I came across a fabulous article earlier this week posted on Mother Earth News titled “How to Work: The Most Important Self-Reliance Skill Ever” and wanted to share it with you. The article itself is fantastic and outlines some worth ethics and skills that all homesteaders really ought to have, as well as some tips and tricks. But, it got me to thinking. Is learning how to work a skill? And if it is, what does that say about our society?
I feel like now, more than ever, hard work and good work ethics are something incredibly hard to come by. It constantly amazes me how many shortcuts my friends take on simple things like cooking and cleaning (and how seldom it is actually an improvement). I am always surprised by how pleased my employers are when I simply do what they ask and what they pay me for. It makes me wonder if all of these modern conveniences are really helping or hindering us.

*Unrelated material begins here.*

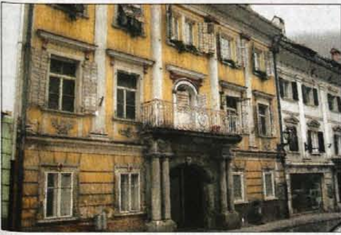
Z javnim razpisom bodo skušali najti kupca tudi za nekdanji hotel Pošta v Trziču, ki že dolgo ne služi več temu namenu.

bodo izbrali med ponudniki na javnem razpisu. Enak bo postopek za prodajo kompleksa bivše Osnovne šole Zali rovt v Trziču. Za 2675 kvadratnih metrov igrišč, 5541 kvadratnih metrov dvorišča in 3408 kvadratnih metrov zemljišča s komunalno opremo ter poslovno stavbo so določili izhodiščno ceno nekaj več kot 215,7 milijona SIT. Občinski svetniki so se predvsem zanimali, za kaj bo namenjena nekdanja šola, pa tudi, ali so že našli interesente za njen nakup. Kot so predlagali, bi morali s prodajo zagotoviti kraju nova delovna mesta. Take možnosti obstajajo, so izvedeli od občinskega vodstva. Država podpira

Now, don’t get me wrong, I love my modern conveniences (I’d be out of work without the internet and a computer after all). But, there is just something so much more satisfying in doing things the old-fashioned way and in really getting your hands dirty. In making mistakes, figuring it out and sometimes making do. In other words: working.
But then again, maybe I’m just having a bout of pessimism. I mean, if no one worked, how would anything get done, right? We don’t have robot butlers to fix everything for us just yet, so surely working isn’t quite a lost art. What do you think? Is working a skill, and is it something that people even have anymore?